— Это доказывает, что Аретино был хорошо известен и ценим при дворе.
— Он заслуживал этого, — заметил священник, волосы которого топорщились на голове, словно щетина. Огромные уши его торчали в разные стороны, а толстые губы свидетельствовали о безудержной чувственности.
Это утверждение покоробило только одного гостя, не бывшего к тому же пьяным, — Симоне Джирарди. Слабое состояние здоровья не позволяло ему принимать участие в излишествах. В отместку за это он издевался над собутыльниками. Ему приписывались «Пасквинады» Тренто — короткие поэмы, в которых высмеивались все видные особы города.
— Аретино, — сказал он, — писал, чтобы превозносить порок, а не бичевать его.
— А кардинал Бибьено? — спросил священник, похваливший до этого Аретино. — А Маккиавелли? А Лоренцо Медичи? А Кавальерэ Марино? Они о чем писали?

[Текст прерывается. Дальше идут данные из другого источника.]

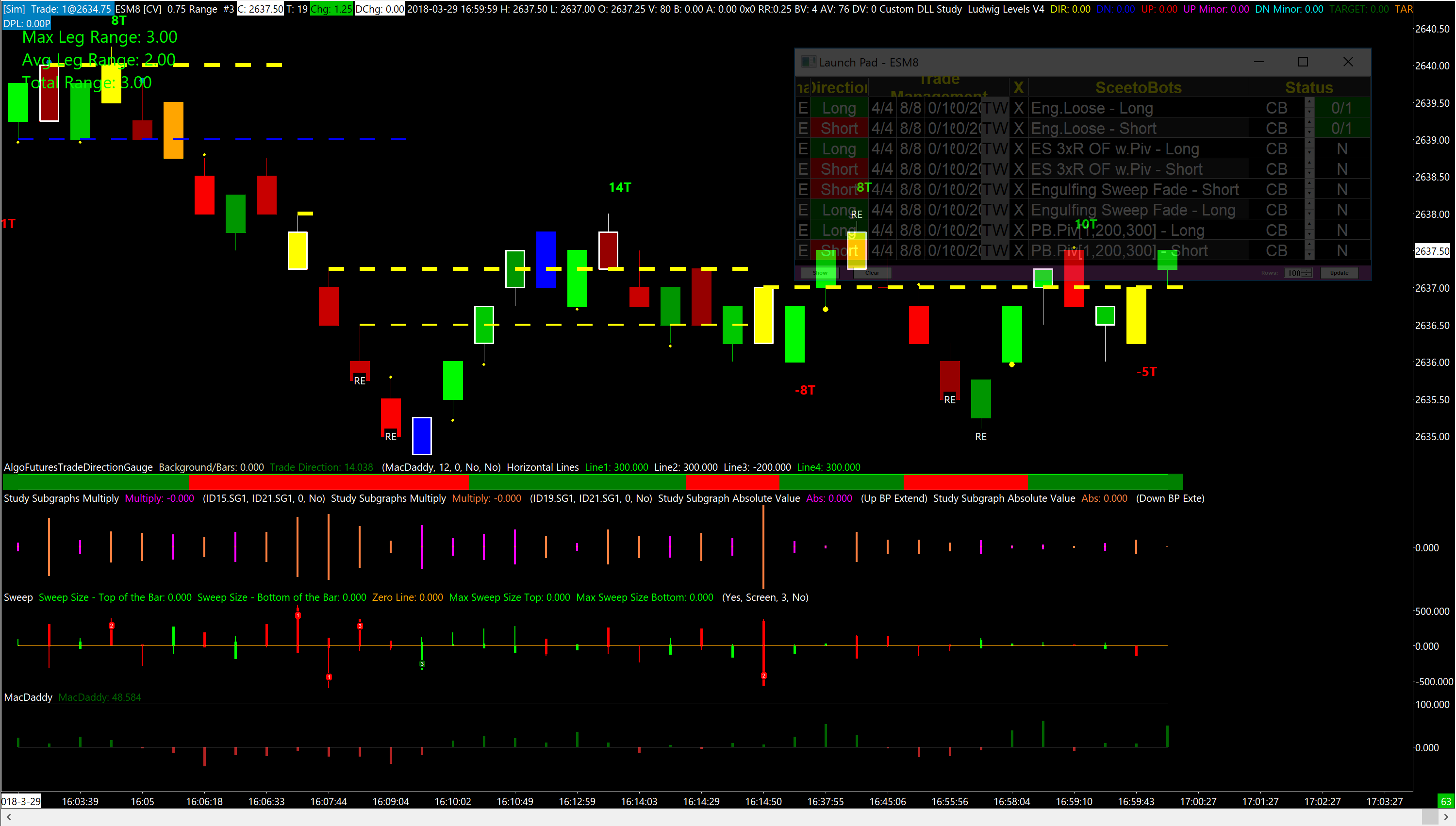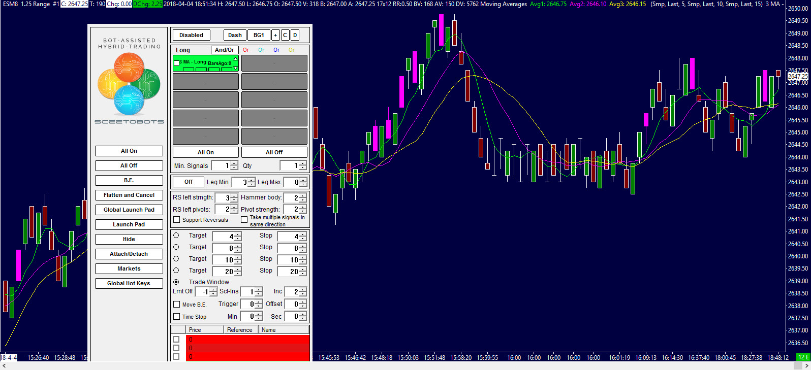 14-AUG-2018 - New Functionality Released BreachBots Beta - Trimmed Down GUI (We are down to 1 button to manage this bot). BreachBots Beta - BreachBot now supports hotkey combinations. BreachBots Beta - Low level execution fixes New SceetoBots Alert - 2 Standard Deviation Tick Ratio New SceetoBots Alert - Sweep 1,2,3 In the Development Queue A 'Stand-down' button is being added to the Launch Pad....this button will allow the trader to tell all enabled bots to turn themselves off once any one bot sends an entry order. This will keep folks, particularly me, from forgetting to turn off bots. Date Time Of Last Edit: 2018-08-14 23:57:49
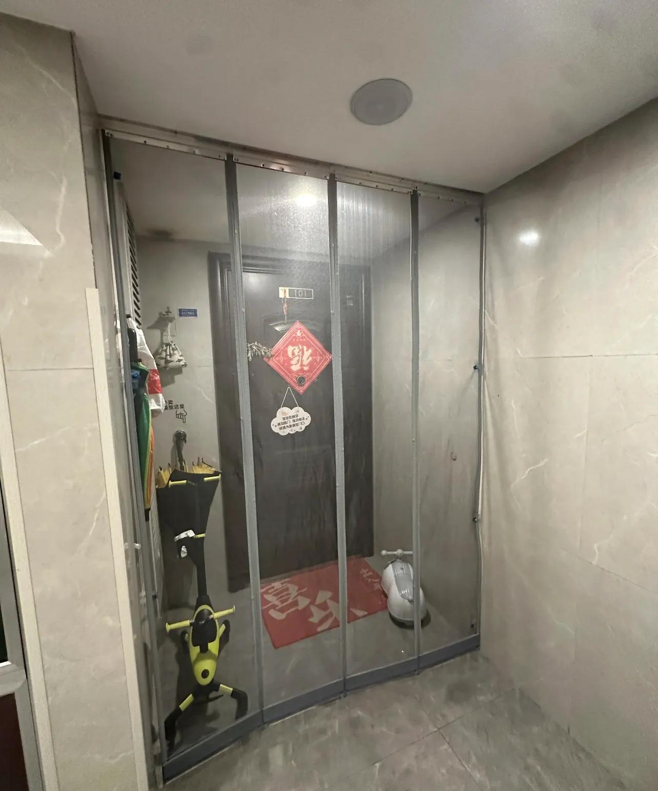 可以劃分空間,降低樓道噪音傳播,還可以阻擋萬一小型犬跑向電梯。
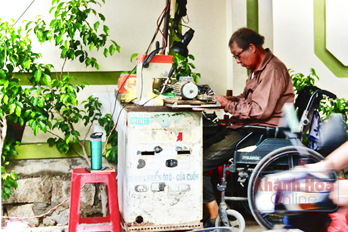 Mặc dù đi lại khó khăn nhưng hơn 40 năm qua ông Hòa vẫn lặng bám trụ với nghề. |

Вопросы шли от группы духовенства, чувствовавшей необходимость встать на защиту порнографических писателей, большая часть которых носила духовный сан.
— Казните порок и нравы насмешкой! — произнес один из старых священников.
О нем ходили неопределенные слухи, будто он сам был приверженцем однополой любви, вещь нередкая среди гуманистов того времени, а также среди высшего и низшего духовенства. Закон к тому же не преследовал однополую любовь.
— Литература — зеркало нравов, — прибавил со своей стороны один из докторов богословия. — Это очевидно. Когда война является главным занятием народа, его поэты дают миру героические произведения. Когда усиливается религиозное чувство, расцветает христианская поэзия. Если век особенно тщеславен, поверхностен, поэзия падает и рождаются слабые произведения. А затем умирает сама поэзия и остаются только фразы, звонкие слова. Слова и звуки — и ничего больше!
— Хорошо сказано! — вскричали в один голос академики.
— Любовь, — продолжал богослов, — становится унижением духа и торжеством плоти. Душа уступает место чувствам. Но есть случаи, когда земная любовь сливается с божественным началом. Такова любовь Данте к Беатриче. Зато слишком часто любовь превращает человека в зверя. Женщина становится орудием для наслаждения мужчины. Такие женщины всегда имели отрицательное влияние на правителей. Вспомните Клеопатру, Мессалину, Империю, Клавдию Партичеллу…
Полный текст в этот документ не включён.